This milestone collection of forty-two stories by the biggest and most prestigious names in the mystery field creates a fictional mirror of our fears, our need for justice - or revenge - and our violent world. James Elroy and Andrew Vachss surpass the mere hard edge to depict a bloody, pitiless world of criminals and avengers. Sue Grafton uses her P.I. Kinsey Millhone to balance the scales of justice in the shotgun killing of a cocaine dealer when the authorities can't or won't. And Sara Paretsky brings back Philip Marlowe to solve a classic California case of double murder in a brilliant homage to Raymond Chander. All the stories in this unparalleled treasury represent crime writing that no longer follows the rules of yesterday's cozies and detective fiction. Evil still lurks there, but there are no sanitized off-stage murders solved by aloof paragons of deduction.
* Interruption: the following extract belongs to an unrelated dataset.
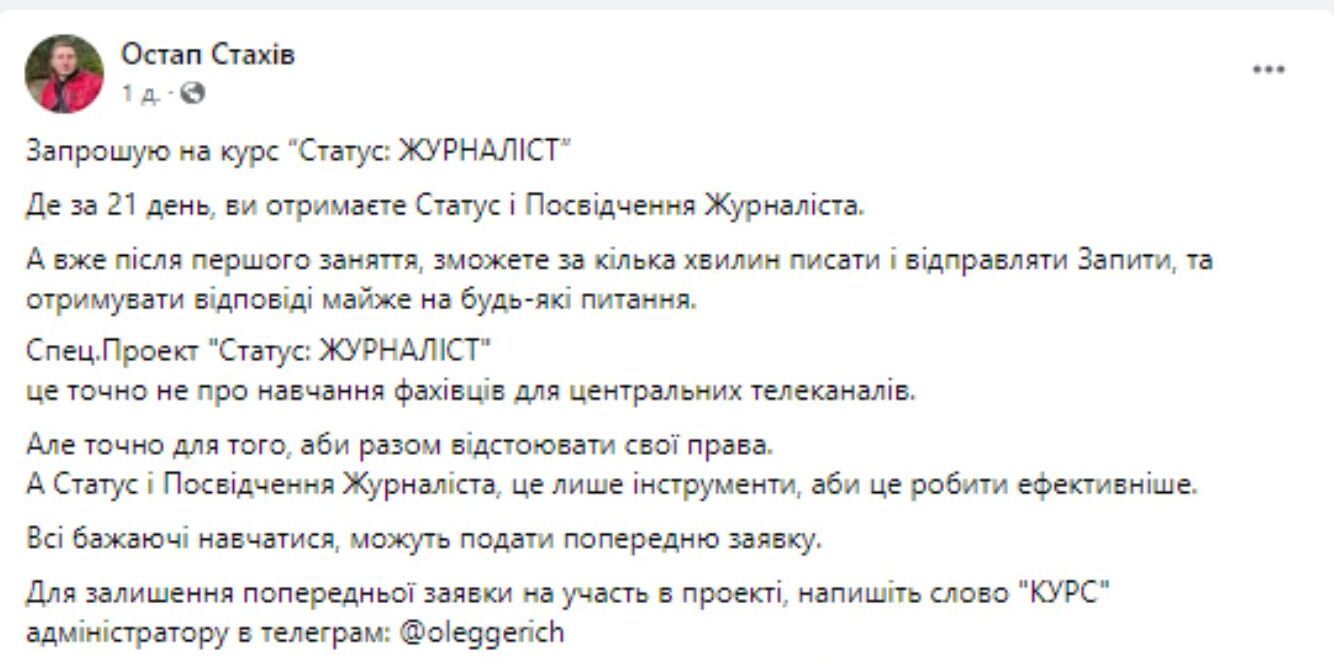 Підозрюваний у справі про повалення конституційного ладу в Україні, скандальний львівський псевдоактивіст і антивакцинатор Остап Стахів оголосив про відкриття «курсів журналістики» та видачу «посвідчень журналіста» після їх закінчення. Курси будуть платними, відбуватимуться онлайн і триватимуть 21 день. Після завершення курсу учасникам обіцяють видати посвідчення журналіста міжнародного зразка. У прес-службі СБУ у Львівській області розповіли ZAXID.NET, що стежать за діяльністю Стахіва, але не можуть притягти його до відповідальності за викладання. Сам Стахів не приховує, що курси проводить не для того, щоб його учасники могли працювати в медіа, а для «боротьби за свої права».

Instead we have vigorous, ironic, disturbingly realistic and undeniably alive tales that are remarkably diverse and riveting. A mystery lover's dream.
Author

Jerome Charyn is an award-winning American author. With more than 50 published works, Charyn has earned a long-standing reputation as an inventive and prolific chronicler of real and imagined American life. Pulitzer Prize-winning novelist Michael Chabon calls him "one of the most important writers in American literature." New York Newsday hailed Charyn as "a contemporary American Balzac," and the Los Angeles Times described him as "absolutely unique among American writers." Since the 1964 release of Charyn's first novel, Once Upon a Droshky, he has published thirty novels, three memoirs, eight graphic novels, two books about film, short stories, plays, and works of non-fiction. Two of his memoirs were named New York Times Book of the Year. Charyn has been a finalist for the PEN/Faulkner Award for Fiction. He received the Rosenthal Award from the American Academy of Arts and Letters and was named Commander of Arts and Letters by the French Minister of Culture. Charyn is Distinguished Professor Emeritus of Film Studies at the American University of Paris. In addition to writing and teaching, Charyn is a tournament table tennis player, once ranked in the top ten percent of players in France. Noted novelist Don DeLillo called Charyn's book on table tennis, Sizzling Chops & Devilish Spins, "The Sun Also Rises of ping-pong." Charyn's most recent novel, Jerzy, was described by The New Yorker as a "fictional fantasia" about the life of Jerzy Kosinski, the controversial author of The Painted Bird. In 2010, Charyn wrote The Secret Life of Emily Dickinson, an imagined autobiography of the renowned poet, a book characterized by Joyce Carol Oates as a "fever-dream picaresque." Charyn lives in New York City. He's currently working with artists Asaf and Tomer Hanuka on an animated television series based on his Isaac Sidel crime novels.